His inventions weren't feasible in his or anyone's lifetime - the most ridiculous is his "machine" gun. Let's face it, he knew nothing more than anyone of his time could have known, made no real contributions, and invented things which would never have worked. His flying machine could never work, no matter what materials it could be made of today, likewise his design for a helicopter. He was obviously highly intelligent but outside of art not a genius. 69.158.165.32 (talk) 03:50, 20 December 2012 (UTC)[reply]

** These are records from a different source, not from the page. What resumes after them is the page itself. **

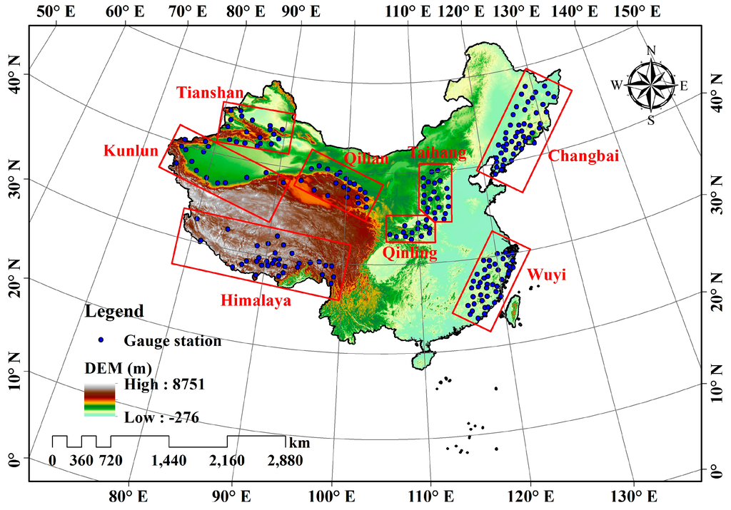 The location of the studied mountainous areas of China. The red lines are the boundaries of the mountainous areas, and the blue dots are the gauge stations.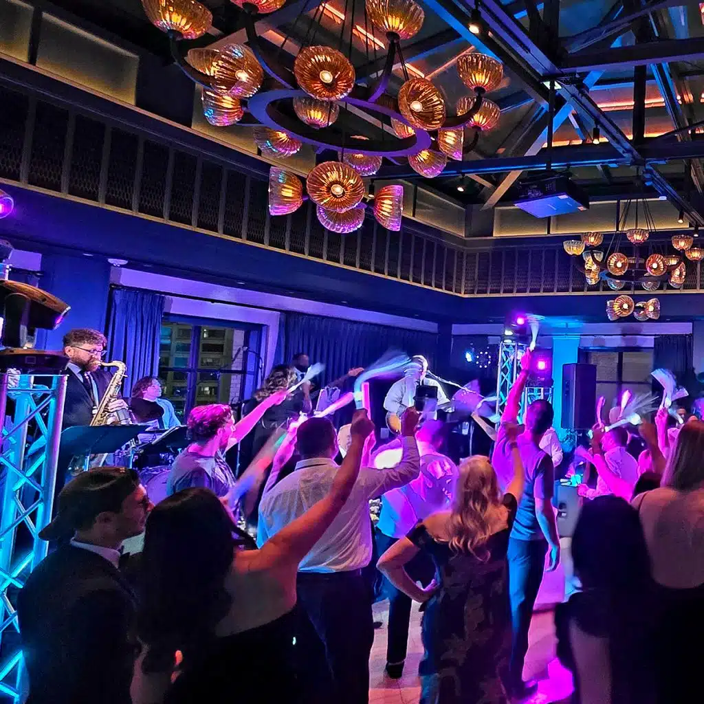 Ceiling washes can be layered with ambient lighting to create depth & dynamic color effects throughout the venue. Our dance floor light show enhances photography and videography with natural lens flares, and all movements can sync with your DJ or live band for maximum energy.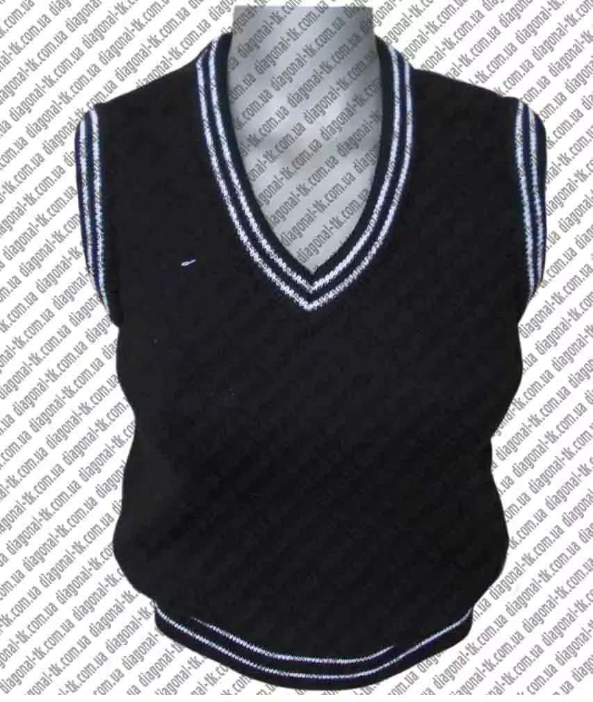 Жилет трикотажный для детей, учащихся в школе, лицее, гимназии. Многие, на этапе задумки одеть массово детей на каком-то этапе задаются вопросом: как сделать отличие между школьным жилетом для девочек и школьным жилетом для мальчиков? Мы с радостью Вам предоставим несколько вариантов. Первый - это обработка проймы и обработка горловины. Тойсь мальчикам можно сделать резинкой, девочкам - ажур. Второе - глубина самой проймы - кому-то глубже, кому-то выше. Третий вариант - это контрастная нить на резинке, пройме и горловине. К примеру жилет школьный трикотажный синий, черный хорошо сочетается с белой ниткой.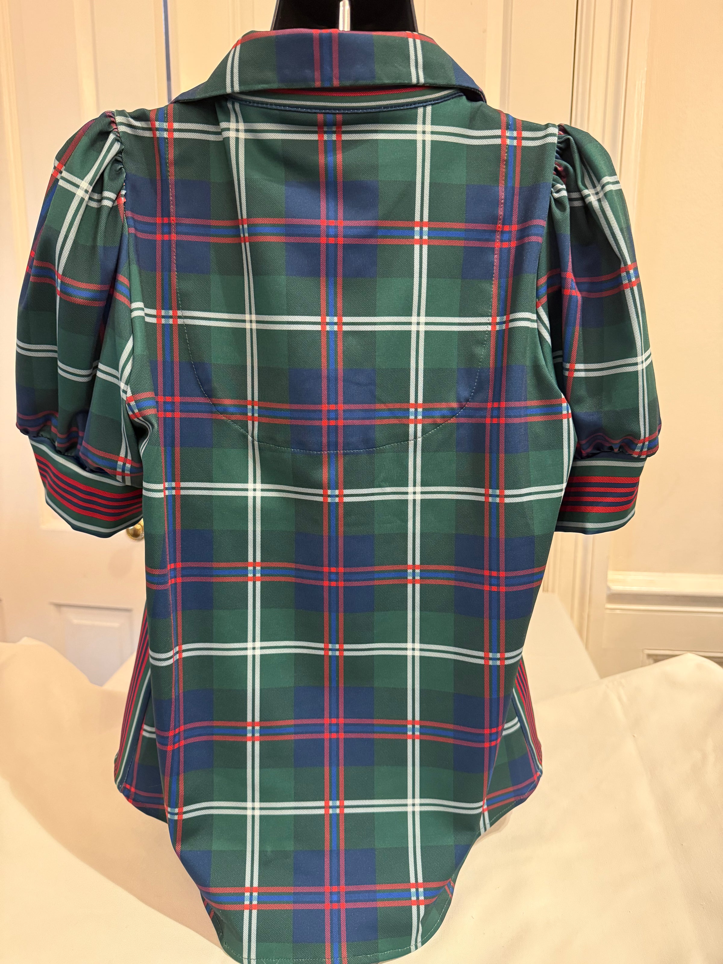 Elevate your wardrobe with timeless charm! This classic button-up features statement puff sleeves and a crisp stand-up collar that commands attention. Dressed in a sophisticated Middleton plaid in rich green, it pairs beautifully with everything from tailored trousers to your favorite denim. Gleaming gold buttons add a touch of luxury to every wear. Perfect for brunch dates, office days, or whenever you want to feel polished and put-together.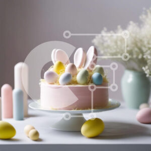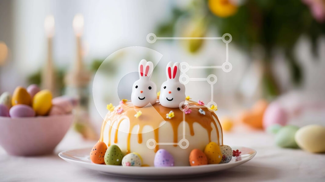 Intra Συλλεκτικό Ξύλινο Παζλ Plywood 4mm - Πολύχρωμο Πασχαλινό κέικ με κουνελάκια και αυγά Σε Ξύλινο Κουτί - Διαστάσεις: 10x10 cm – 25 κομμάτια
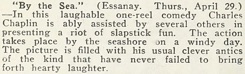 & „By the Sea.“ (Essanay. Thurs., April 29.) – In this laughable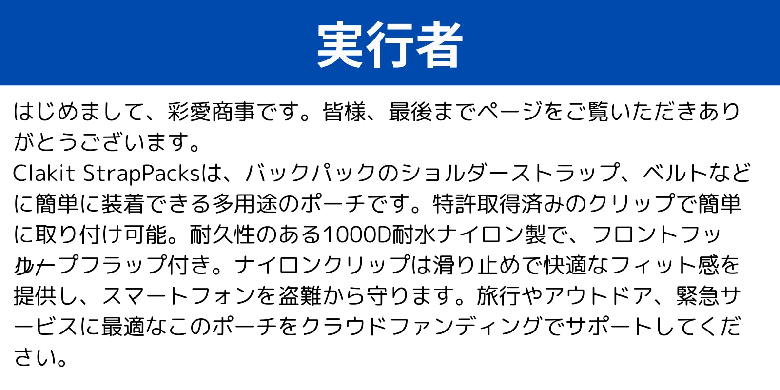 StrapPacksプロジェクトは、スマートフォンを安全で便利に持ち運べる革新的なアクセサリーを提供することを目指しています。現代のライフスタイルに合ったこの製品は、耐久性と使いやすさを兼ね備え、スマートフォンをしっかりと守ります。皆さんの応援とご支援によって、このプロジェクトが成功し、より快適で安心な日常を実現することを願っています。共に新しい未来を創りましょう。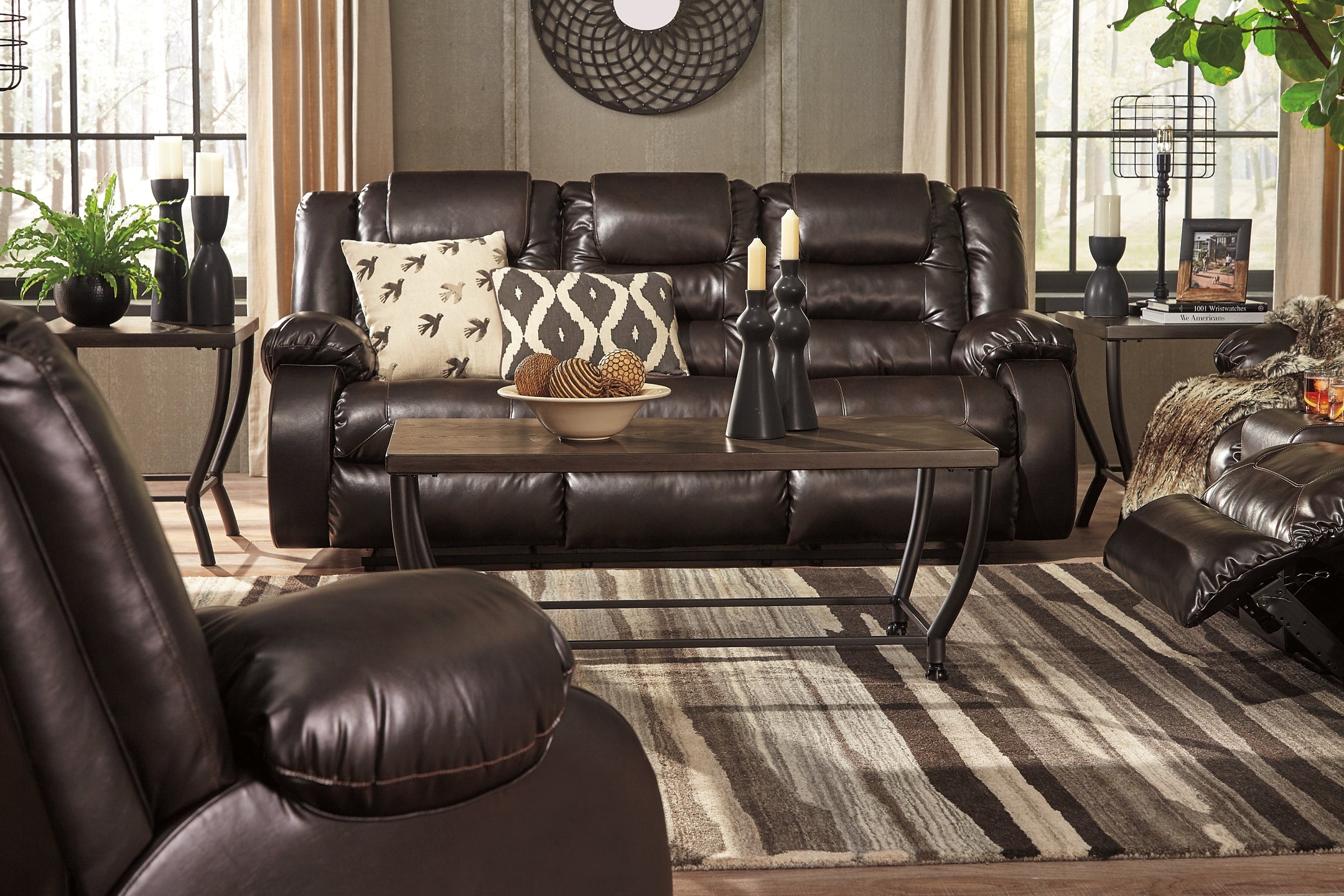 When it comes to comfort, style and value, this faux leather reclining sofa in chocolate brown rocks. Tailored for feel-good flair, its fashion-forward bustle back design is enhanced with sculpted padding on the headrest for cradling support. Channel cushioning along the sides flows into thick, wrapped pillow top armrests that are truly over the top. And while it might look like you broke the bank, a sumptuously soft leather-like fabric keeps indulgence well within budget.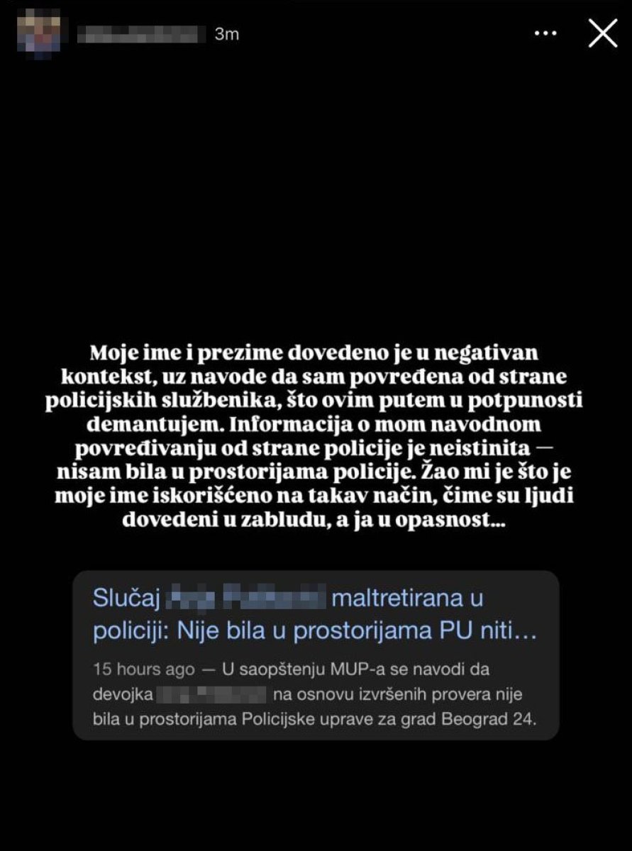 Podsetimo, studetkinja Poljoprivrednog fakulteta A. P, za koju su blokaderi tvrdili da su je pripadnici organa bezbednosti tukli nakon privođenja 24. septembra, dala je izjavu u policiji. Studentkinja je u prisustvu advokata potvrdila autentičnost Instagram naloga i njene objave na tom nalogu u kojoj demantuje da se radi o njoj, odnosno da nije povređena od strane policijskih službenika, kao i da nije bila u prostorijama policije.

These far-sighted ideas are the ones that receive attention in the 21st century, whether they were feasible or not. He came up with the concepts, rather than the practical invention. On the other hand, his studies of anatomy, water, geology, optics etc were ground-breaking. This article focuses on his real source of fame, his art..... or haven't you noticed?Amandajm (talk) 19:33, 21 December 2012 (UTC)[reply]
Leonardo's lack of a prime mover in his day (such as a combustion engine) prevented him from taking many of his inventions (such as a horseless cart, which instead used levers, springs, and various rotor mechanisms) off the drawing board. Leonardo experimented ceaselessly with the materials and knowledge he had available at the time. That's all any of can do. It is said that all inventions are either improvements or adaptions from existing designs. Nobody could have been more frustrated than Leonardo to have so many ideas and still know they could never work in his day because his designs were too far-reaching for the day in terms of practicality. Actually there have been a number of documentaries showing various inventions of Leonardo (such as his pyramidal parachute, his scuba diving apparatus, and one of his flying "flapping wing" machines) that have been constructed in modern factories by Leonardo scholars that have worked. In any event "invention" doesn't necessarily apply only to machines, and Leonardo "invented" many techniques that assisted him in his experimentation in various fields. These can be considered "contributions". Jodon1971 (talk) 15:20, 16 January 2013 (UTC)[reply]

Category: LGBT history

User:Arch8887 has repeatedly removed this category from the article.

I have attempted to explain on this person's talk page that the charge of sodomy against Leonardo is a documented part of LGBT history, and is not the same as categorising Leonardo as an LGBT person.

My explanations appear to have no impact. I think if it happens again we have to start treating the matter as vandalism.